EXERCISE GOAL> Take the material below and extract the lines from the one with "Sl. 5a1 Ulomak" through the one with "Ahli giso membantu", word for word, without pictures.

PROVIDED INFORMATION>

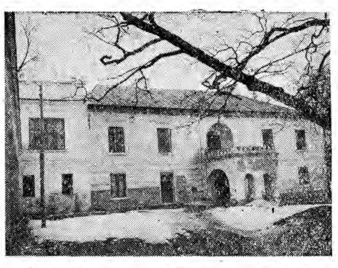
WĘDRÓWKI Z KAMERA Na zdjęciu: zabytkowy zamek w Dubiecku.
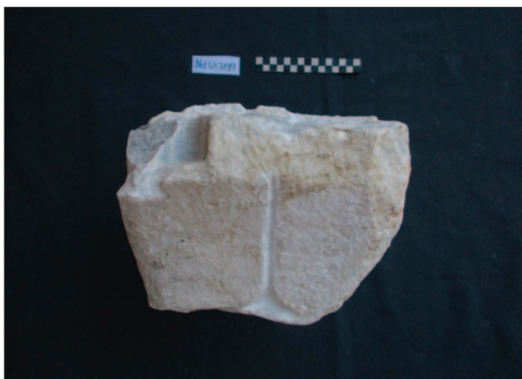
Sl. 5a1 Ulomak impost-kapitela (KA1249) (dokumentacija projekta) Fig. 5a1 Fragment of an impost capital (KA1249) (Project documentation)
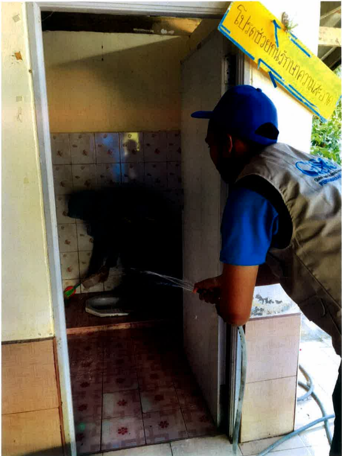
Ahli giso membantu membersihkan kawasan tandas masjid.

---

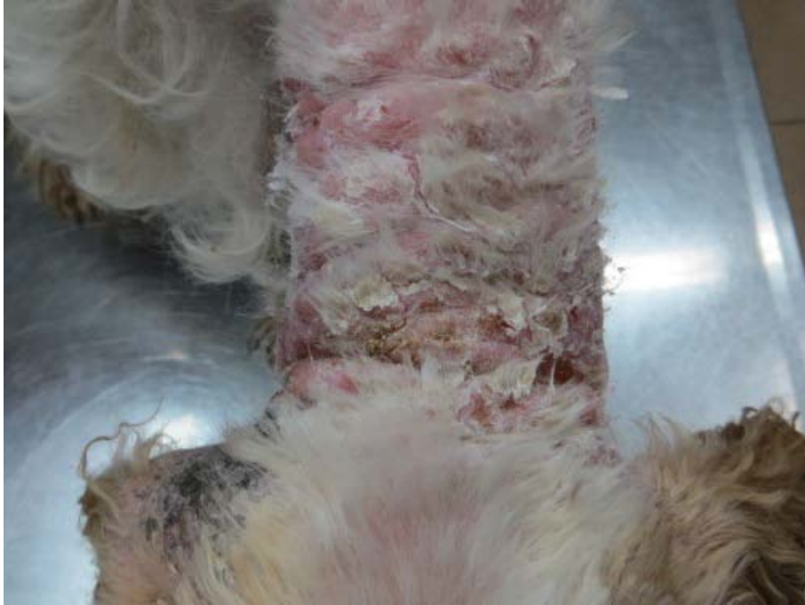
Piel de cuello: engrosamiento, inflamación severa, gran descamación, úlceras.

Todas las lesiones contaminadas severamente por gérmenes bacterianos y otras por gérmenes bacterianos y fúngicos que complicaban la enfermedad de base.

TASK RESULT>
Sl. 5a1 Ulomak impost-kapitela (KA1249) (dokumentacija projekta) Fig. 5a1 Fragment of an impost capital (KA1249) (Project documentation)
Ahli giso membantu membersihkan kawasan tandas masjid.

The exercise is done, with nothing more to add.